Thanks again for stopping by!
Sincerely, br>
Jeremy Waller
June 11, 2008 4 Comments
How To Make Your Blog Different
“Be daring, be different, be impractical, be anything that will assert integrity of purpose and imaginative vision against the play-it-safers, the creatures of the commonplace, the slaves of the ordinary.” – Cecil Beaton
There are millions of blogs in the blogosphere and, unless your blogging about teaching your parrot advanced calculus, thousands in your niche. Right now, the market is flooded with other blogs just like yours. What is it that makes your different? Why should I follow your blog on making money/SEO/funny videos/whatever over the next guy (or gal)? Like the wise Cecil Beaton says above (actually I’m not really sure if he was wise, but that’s a darn good quote up there) you don’t want to be a play-it-safer. Make your blog different.
Take a controversial position – 2+2 = 7?
It’s easy to follow the crowd. It’s easy to find some popular topic and blog about it just like everyone else. You love twitter? So does everyone else…including me >blush<. Try standing out. Write about the 10 things you hate about twitter or tell people how they can get rich by dropping out of high school to flip burgers.
People don’t want to hear the same thing from you that they’ve heard from everyone else. (Let me throw a marginally off-topic nugget of wisdom in here also – if you are regurgitating news you’ve read somewhere else, spice it up – add your thoughts, add a video on or find a complementing post from a fellow blogger. That’s what I did in my post a few weeks ago on how expensive text messaging is.)
Make your design unique
To the first time visitor to your blog, it doesn’t matter how great your content is. I don’t care if you’re Agatha Christie (world’s best selling fiction author, BTW), if your site is ugly, people won’t stick around to read your potential award winning post on the sleep patterns of sheep.
Upon starting a blog, most people set-up WordPress and begin blogging with the default theme (very boring mind you.) Some get a little more adventurous and Google “WordPress Themes” and grab the coolest looking one from the first site they come to. So now you and 6 million people are using the same template (look at you, you’re so unique now!)

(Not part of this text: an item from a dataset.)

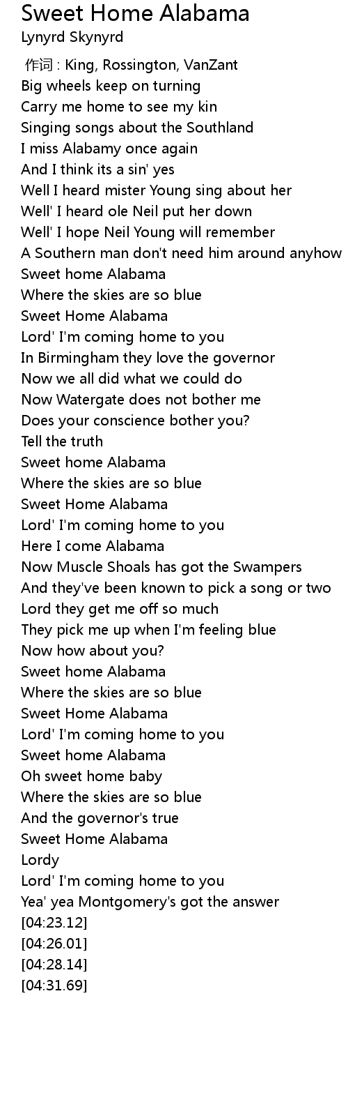 | [00:00.00] | 作词 : King, Rossington, VanZant |

This leaves you with two viable options – purchase one or customize one that someone else has done most of the hard work on. Purchasing a template is a great idea, but not always an option for the low-income, part-time blogger. I prefer to customize a pre-made template. I find a template that I like and modify some of the images and formatting to fit what I’m looking for (that’s a whole other topic, more on this in a future post.)
The point is, most first time visitors will only glance at your page for a few seconds before moving on. Be sure to grab their attention with a unique blog design.
Make your blog you
When it comes down to it, your blog has to be your blog. Why is blogging so popular? Because people are interested in getting information from real people, not a faceless news site. Whatever your topic is, your blog is really all about you – your interests, your writing style (voice) and your personality. You is what will make your blog stand out from the crowd – even if you have the dullest blog in the world. This is a huge reason that the biggest bloggers are the biggest bloggers. People like them – their interests, their writing style and their personality. I hope my personality shines though on WallerBlog dot Com (I feel like it does anyways.) I like to be a little snarky, a little nerdy and a little outside-of-the-proverbial-box in my ramblings.
If your goal is to have a blog where you’re the only reader (family doesn’t count) then be the same as every other blogger out there. Otherwise, you have to be different. These ideas above are by no means a complete list on how to make your blog stand out from the millions of others out there, but it’s a starting point. Go, be different!